» **WHAT IS BEING ASKED**
Would you please set down, word for word, the lines from the one with "- Lavaş ve sos" through the final line of the data below, omitting any pictures?

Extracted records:
*** Begin section ***

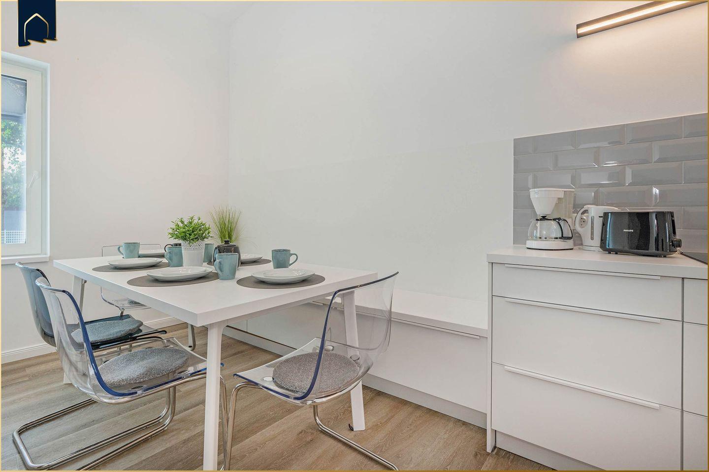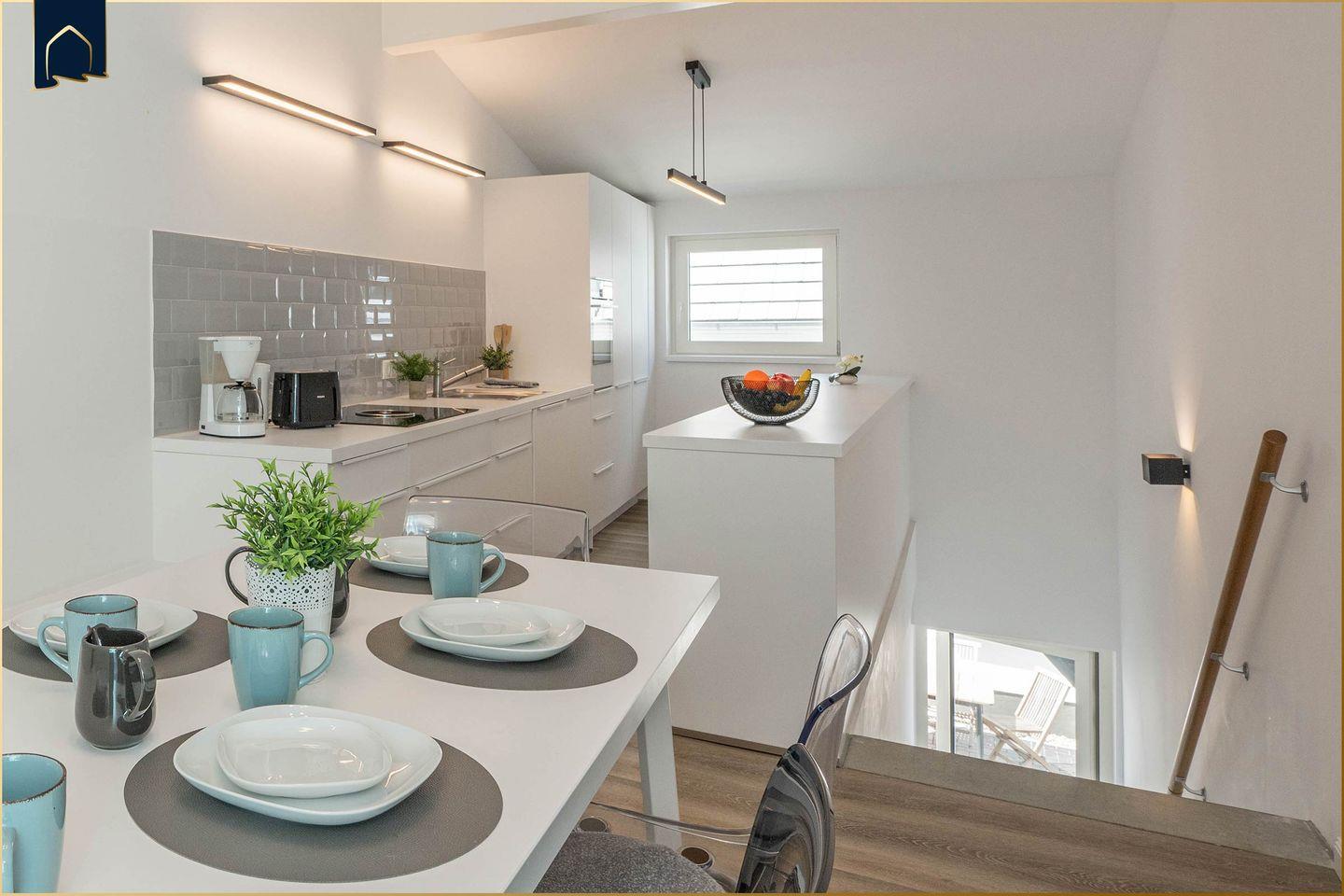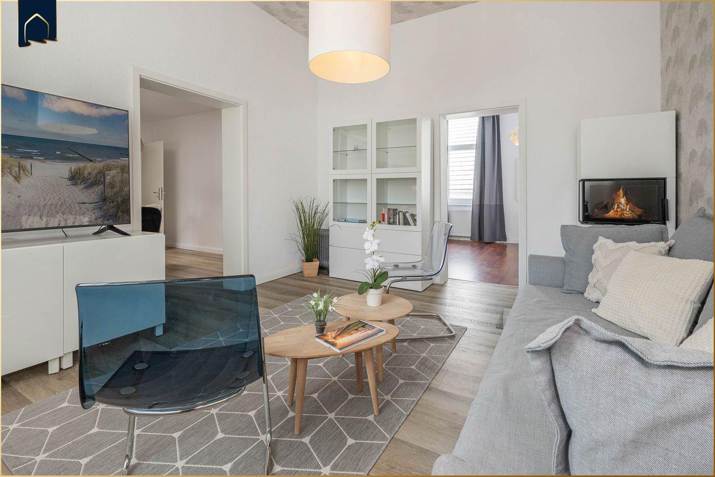 Mit insgesamt 4 Schlafzimmern, 2 voll ausgestatteten Badezimmern sowie 2 separaten WCs bietet diese Unterkunft großzügigen Raum für bis zu 8 Personen. Die offene Küche verfügt über einen Herd, Backofen, Gefrierfach, Spülmaschine, Kühlschrank, Wasserkocher, Kaffeemaschine und Toaster – ideal für gemeinsame Kochabende. Ein einladendes Wohnzimmer mit Sofaecke, zwei TVs und Kamin sorgt für gemütliche Stunden auch an kühleren Tagen. Die moderne Einrichtung kombiniert Funktionalität mit maritimem Flair.
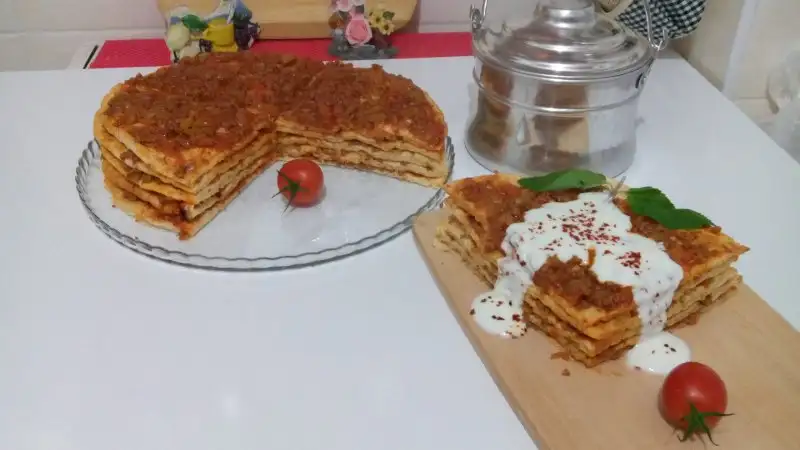 - Lavaş ve sos bitene kadar bu işlemi uygulayıp en üstüne sarımsak eklediğiniz yoğurdu döküp servis yapın.
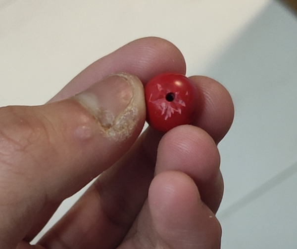 第二、看颜色,表面是红色,顶部和底部有黑颗粒:偏重塑料加铅加外喷漆。
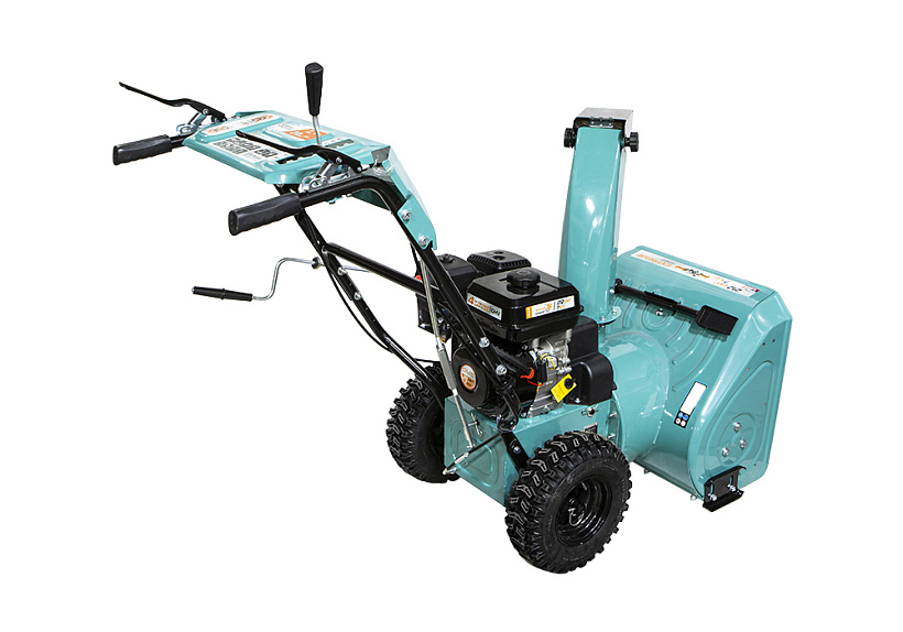 Зазубренный шнек первой ступени успешно измельчает слежавшийся снег и может справиться даже с настом толщиной до 2 см. Высокооборотистая вторая ступень снегоуборочного агрегата отбрасывает снег на расстояние до 12 м. Широкие колеса с развитым анти-снежным протектором позволяют уверенно двигаться по рыхлому снегу.
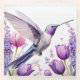Lavender Hummingbird surrounded by flowers Glass Coaster
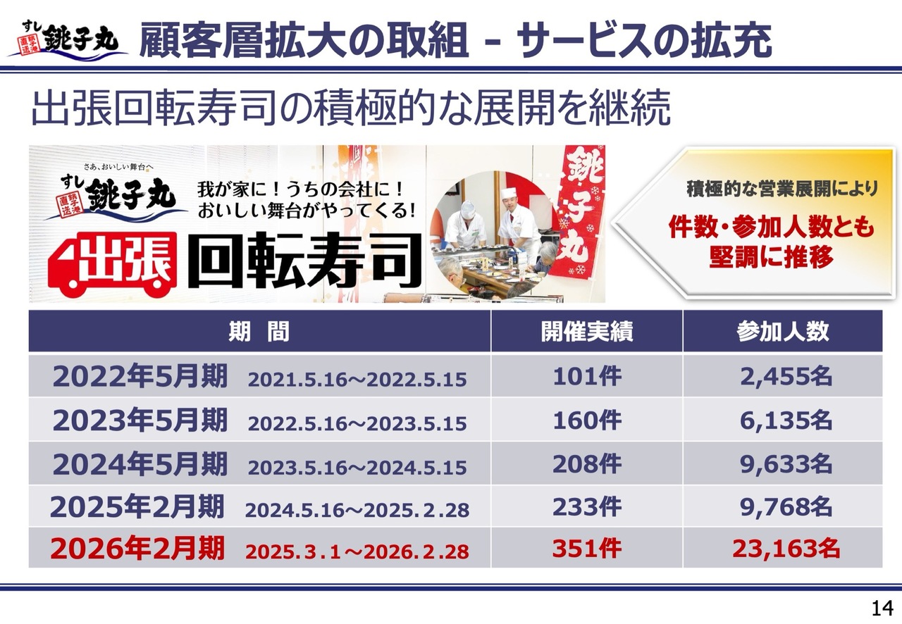 開催件数および参加人数は年々増加しており、法人や個人のお客さまからのリピートも着実に増えています。店舗へのご来店や外食が難しい老人ホームからの出張ニーズも多く、社会的貢献を意識しながら、引き続き事業拡大を目指します。
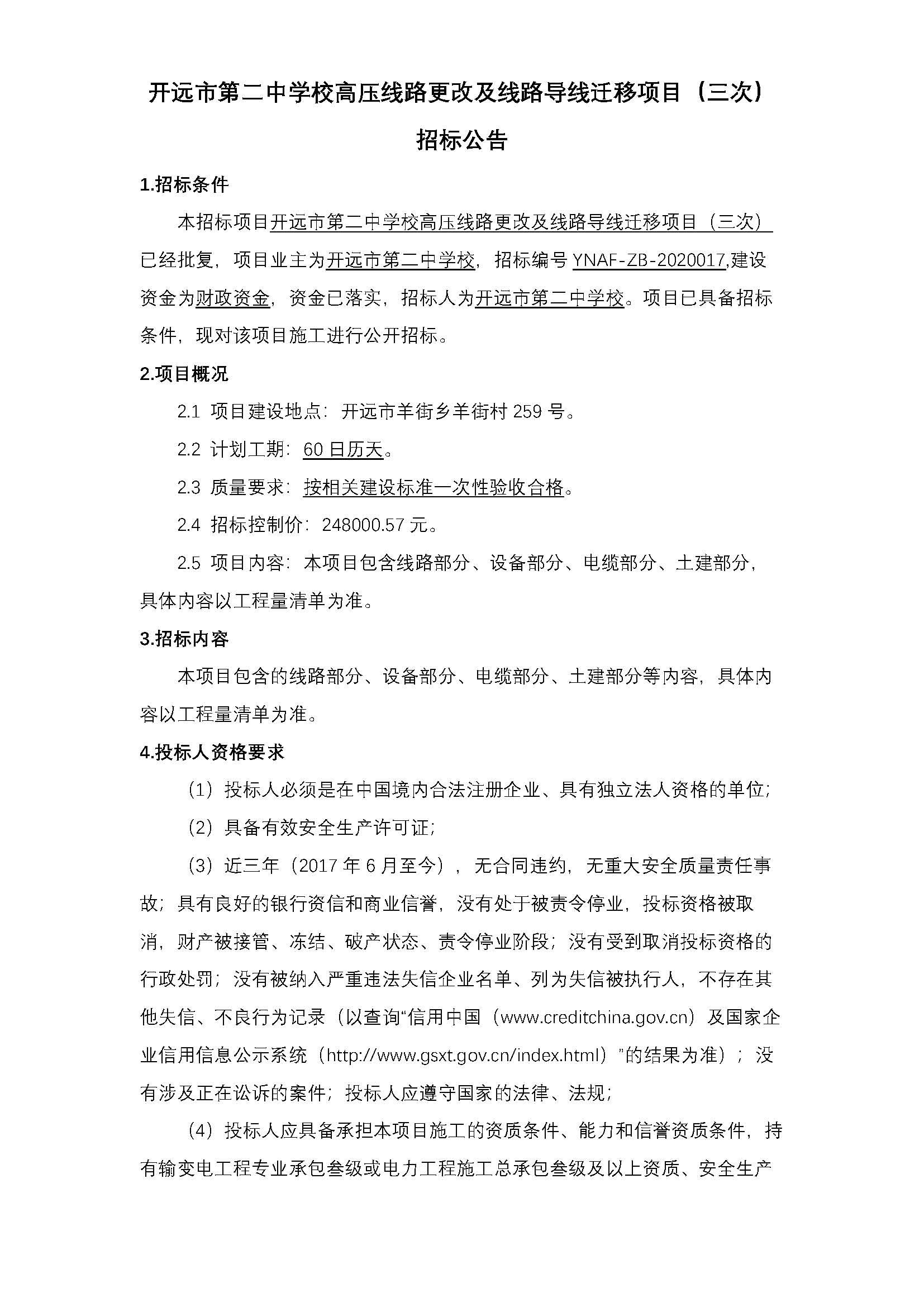 開遠(yuǎn)市第二中學(xué)校高壓線路更改及線路導(dǎo)線遷移項(xiàng)目(三次)招標(biāo)公告

*** End section ***

» **YOUR RESPONSE**
 - Lavaş ve sos bitene kadar bu işlemi uygulayıp en üstüne sarımsak eklediğiniz yoğurdu döküp servis yapın.
 第二、看颜色,表面是红色,顶部和底部有黑颗粒:偏重塑料加铅加外喷漆。
 Зазубренный шнек первой ступени успешно измельчает слежавшийся снег и может справиться даже с настом толщиной до 2 см. Высокооборотистая вторая ступень снегоуборочного агрегата отбрасывает снег на расстояние до 12 м. Широкие колеса с развитым анти-снежным протектором позволяют уверенно двигаться по рыхлому снегу.
Lavender Hummingbird surrounded by flowers Glass Coaster
 開催件数および参加人数は年々増加しており、法人や個人のお客さまからのリピートも着実に増えています。店舗へのご来店や外食が難しい老人ホームからの出張ニーズも多く、社会的貢献を意識しながら、引き続き事業拡大を目指します。
 開遠(yuǎn)市第二中學(xué)校高壓線路更改及線路導(dǎo)線遷移項(xiàng)目(三次)招標(biāo)公告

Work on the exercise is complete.